**SUPPLIED ENTRIES:**

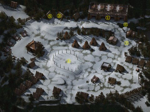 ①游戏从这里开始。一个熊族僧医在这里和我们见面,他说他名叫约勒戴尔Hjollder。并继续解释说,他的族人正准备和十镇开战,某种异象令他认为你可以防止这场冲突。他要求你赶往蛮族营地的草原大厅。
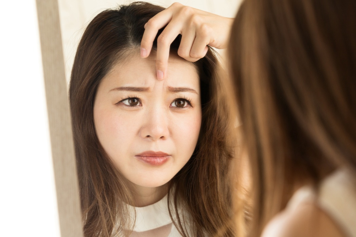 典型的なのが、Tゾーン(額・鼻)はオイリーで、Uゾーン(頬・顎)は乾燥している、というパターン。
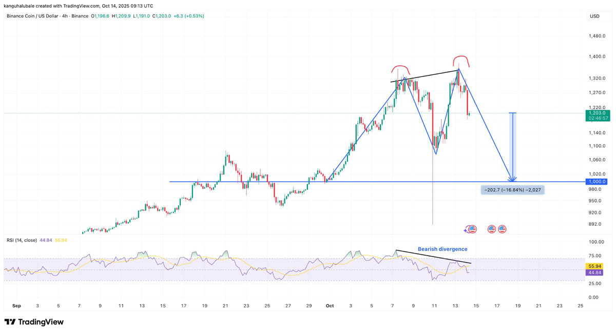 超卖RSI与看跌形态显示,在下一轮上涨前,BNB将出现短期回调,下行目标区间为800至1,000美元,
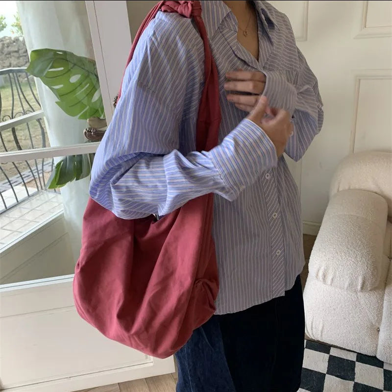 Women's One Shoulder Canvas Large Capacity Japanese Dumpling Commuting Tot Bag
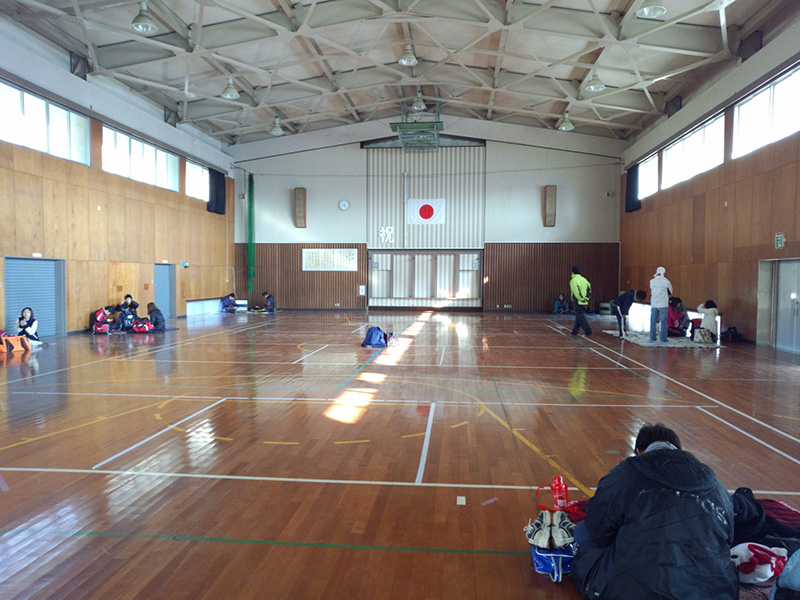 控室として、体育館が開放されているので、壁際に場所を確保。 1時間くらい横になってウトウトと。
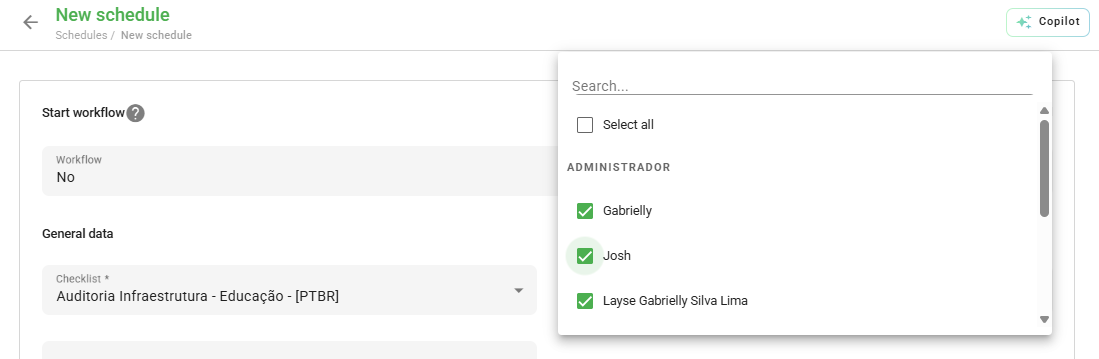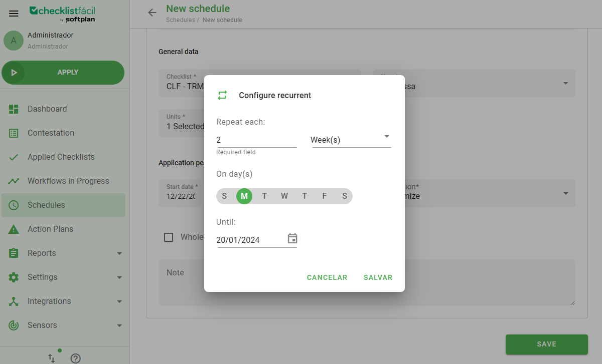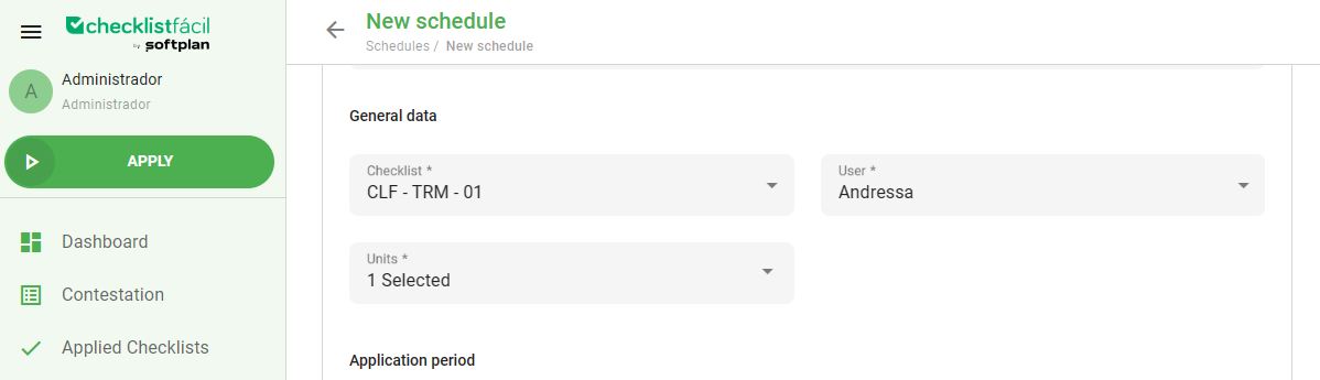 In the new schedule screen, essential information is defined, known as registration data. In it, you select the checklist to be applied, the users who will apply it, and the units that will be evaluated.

**WHAT IS REQUIRED:**
Return the records above exactly, without the pictures.

**RESULT BELOW:**
 ①游戏从这里开始。一个熊族僧医在这里和我们见面,他说他名叫约勒戴尔Hjollder。并继续解释说,他的族人正准备和十镇开战,某种异象令他认为你可以防止这场冲突。他要求你赶往蛮族营地的草原大厅。
 典型的なのが、Tゾーン(額・鼻)はオイリーで、Uゾーン(頬・顎)は乾燥している、というパターン。
 超卖RSI与看跌形态显示,在下一轮上涨前,BNB将出现短期回调,下行目标区间为800至1,000美元,
 Women's One Shoulder Canvas Large Capacity Japanese Dumpling Commuting Tot Bag
 控室として、体育館が開放されているので、壁際に場所を確保。 1時間くらい横になってウトウトと。
 In the new schedule screen, essential information is defined, known as registration data. In it, you select the checklist to be applied, the users who will apply it, and the units that will be evaluated.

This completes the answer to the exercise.